[Items from a data source]
○ ○ ○ ○ ○
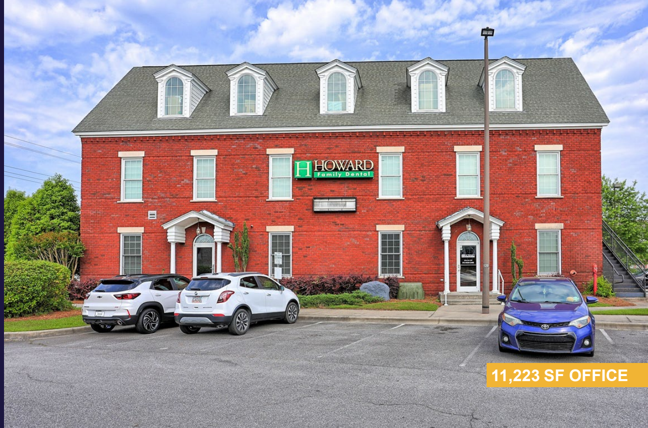
11,223 SF OFFICE
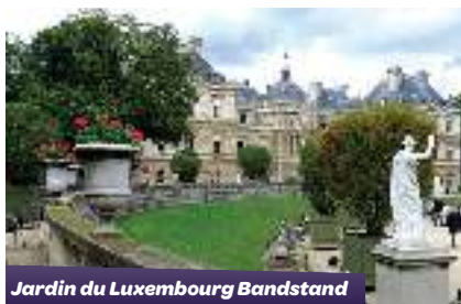
Jardin du Luxembourg Bandstand

This neoclassical building resembling a Roman Temple was intended as a monument to Napoleon's Grande Armée. Charles-Camille Saint-Saëns and Gabriel Fauré have both been organists here. Music plays a central role in the church's activities and visiting choirs and orchestras are warmly welcomed.
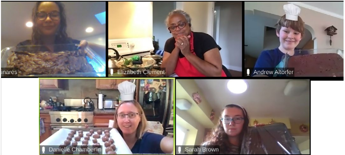
Making fudge from the Chocolate Fest cookbook was a Zoom project from a recent youth group meeting.
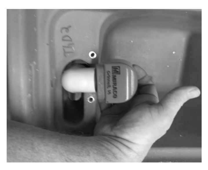
Step 3 After attaching your hose and shutoff valve assembly, lift the tank over the hose and feed the hose up through the small opening into the valve compartment. Attach the blue valve and PVC fittings to the hose. Use teflon tape on all fittings to prevent leaks.
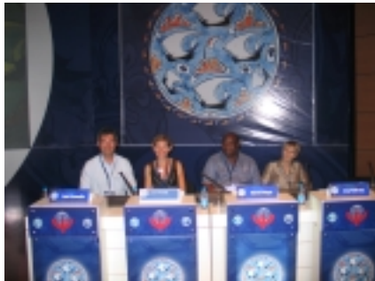
WPA Conference in Istanbul in July 2006 showing our delegation of speakers talking on 'From Conception to Death: A Mental Health Primary Care Pathway'

The mission and vision of the Working Party on Mental Health is to improve mental health care around the world by providing a universal gold standard of care for mental health through empowerment of primary care and in collaboration with all interested stakeholders.
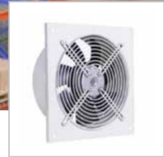
KDAXIS Wall Mounted Axial Fan
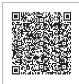
Figure 1: Sample image of QR Code

Quick Response (QR) code or “2D” barcode that can be read by downloadable smart phone readers with camera-scanning capabilities was introduced in Japan in the year 1994. A subsidiary of Toyota Inc - Denso-Wave Inc (Eby, 2012), an auto parts maker used the QR code to tag its manufactured auto parts. QR code is similar to barcode; but QR code is better than barcode for the simple reason that it can include text and numeric as opposed to only numeric in barcode. The QR code has the encoded text, numeric and other characters in the form of pixels. A typical QR code (Lyne, 2009 ) looks like Figure 1 .
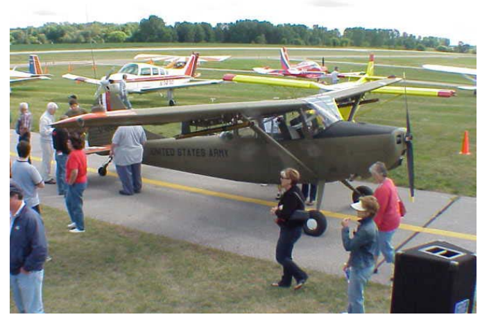
Some of the 49 registered pilots' planes
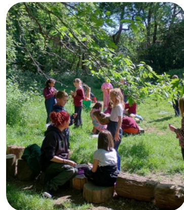
Year 3 made the most of the (little) sun we had this week!
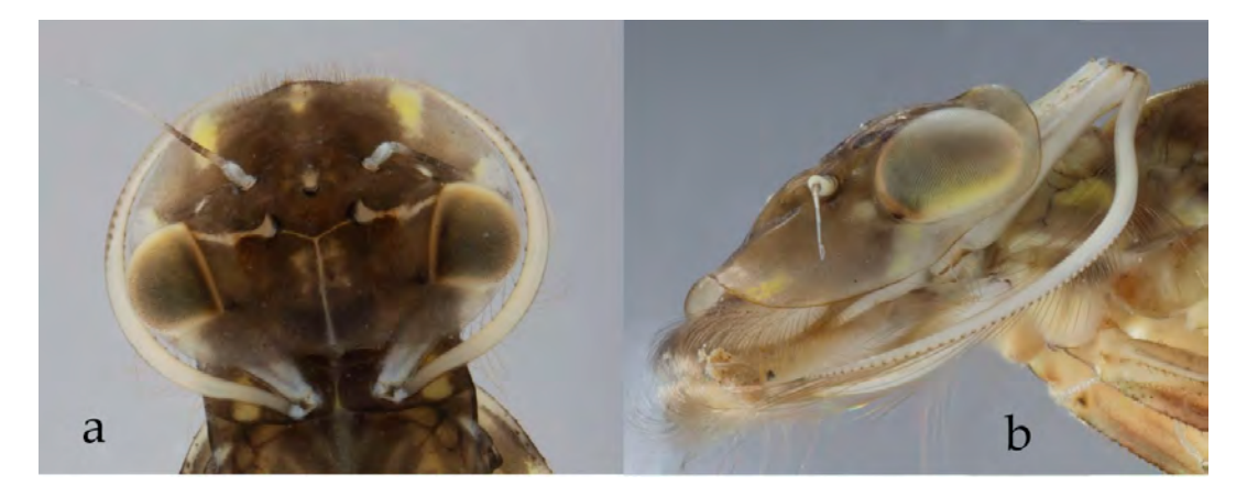
Figure 6. Arthroplea congener Bengtsson (Heptageniidae, Switzerland) in dorsal ( a ), and lateral ( b ) view: head, with maxillary palps clearly visible on the sides that are used to create filtering vortices.
○ ○ ○ ○ ○
Look above for the line with "KDAXIS Wall Mounted Axial Fan" and the line with "Figure 1: Sample image of QR Code". Copy them and every line between, exactly, but no pictures.

KDAXIS Wall Mounted Axial Fan
Figure 1: Sample image of QR Code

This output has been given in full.